» **Task instructions**: Your response to the data below should hold nothing except the lines from the one containing "Vacuum freeze drying" down to the one containing "YMJ-P拍照式葉面積儀(電", reproduced exactly and without pictures.

(Beginning of Raw data)

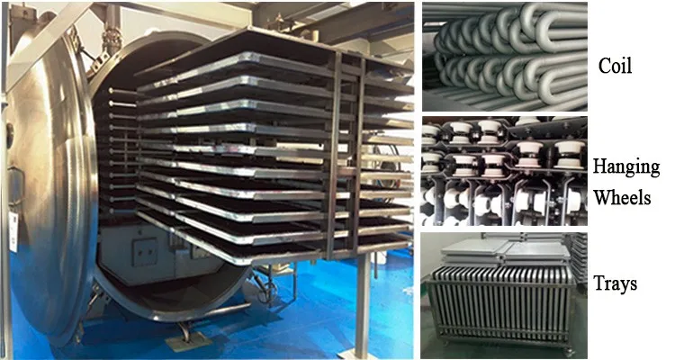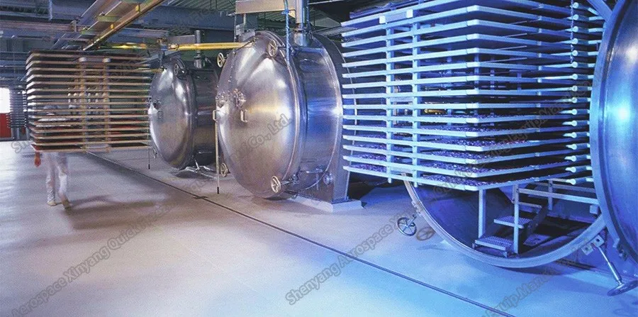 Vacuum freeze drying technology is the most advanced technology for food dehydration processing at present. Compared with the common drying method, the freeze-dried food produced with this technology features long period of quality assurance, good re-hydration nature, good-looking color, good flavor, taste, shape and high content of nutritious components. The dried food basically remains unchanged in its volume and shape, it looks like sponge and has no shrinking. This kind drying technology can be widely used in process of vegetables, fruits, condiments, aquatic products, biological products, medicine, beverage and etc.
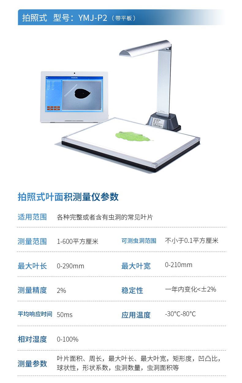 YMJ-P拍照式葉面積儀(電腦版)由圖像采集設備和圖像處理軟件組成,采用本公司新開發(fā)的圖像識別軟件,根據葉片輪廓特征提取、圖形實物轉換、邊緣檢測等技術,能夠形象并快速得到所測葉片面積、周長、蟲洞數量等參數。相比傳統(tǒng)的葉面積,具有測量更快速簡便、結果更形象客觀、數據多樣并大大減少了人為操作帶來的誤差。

(End of Raw data)
(Beginning of Raw data)

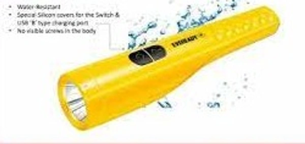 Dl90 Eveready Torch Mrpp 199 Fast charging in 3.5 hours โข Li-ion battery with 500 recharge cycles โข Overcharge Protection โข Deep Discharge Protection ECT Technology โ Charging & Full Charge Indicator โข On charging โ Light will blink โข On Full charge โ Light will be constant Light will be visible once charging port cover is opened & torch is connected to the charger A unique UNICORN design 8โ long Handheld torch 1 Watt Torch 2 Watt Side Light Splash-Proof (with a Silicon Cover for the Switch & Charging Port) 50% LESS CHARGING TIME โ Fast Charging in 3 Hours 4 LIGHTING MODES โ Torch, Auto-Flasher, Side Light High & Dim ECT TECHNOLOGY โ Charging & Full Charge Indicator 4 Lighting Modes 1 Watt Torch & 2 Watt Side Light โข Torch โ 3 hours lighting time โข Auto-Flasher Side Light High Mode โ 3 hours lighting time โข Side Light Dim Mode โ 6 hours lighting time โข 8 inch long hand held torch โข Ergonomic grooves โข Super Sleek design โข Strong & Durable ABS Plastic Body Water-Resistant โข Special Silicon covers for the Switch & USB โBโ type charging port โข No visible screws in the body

(End of Raw data)

» **Solution to this task**:
 Vacuum freeze drying technology is the most advanced technology for food dehydration processing at present. Compared with the common drying method, the freeze-dried food produced with this technology features long period of quality assurance, good re-hydration nature, good-looking color, good flavor, taste, shape and high content of nutritious components. The dried food basically remains unchanged in its volume and shape, it looks like sponge and has no shrinking. This kind drying technology can be widely used in process of vegetables, fruits, condiments, aquatic products, biological products, medicine, beverage and etc.
 YMJ-P拍照式葉面積儀(電腦版)由圖像采集設備和圖像處理軟件組成,采用本公司新開發(fā)的圖像識別軟件,根據葉片輪廓特征提取、圖形實物轉換、邊緣檢測等技術,能夠形象并快速得到所測葉片面積、周長、蟲洞數量等參數。相比傳統(tǒng)的葉面積,具有測量更快速簡便、結果更形象客觀、數據多樣并大大減少了人為操作帶來的誤差。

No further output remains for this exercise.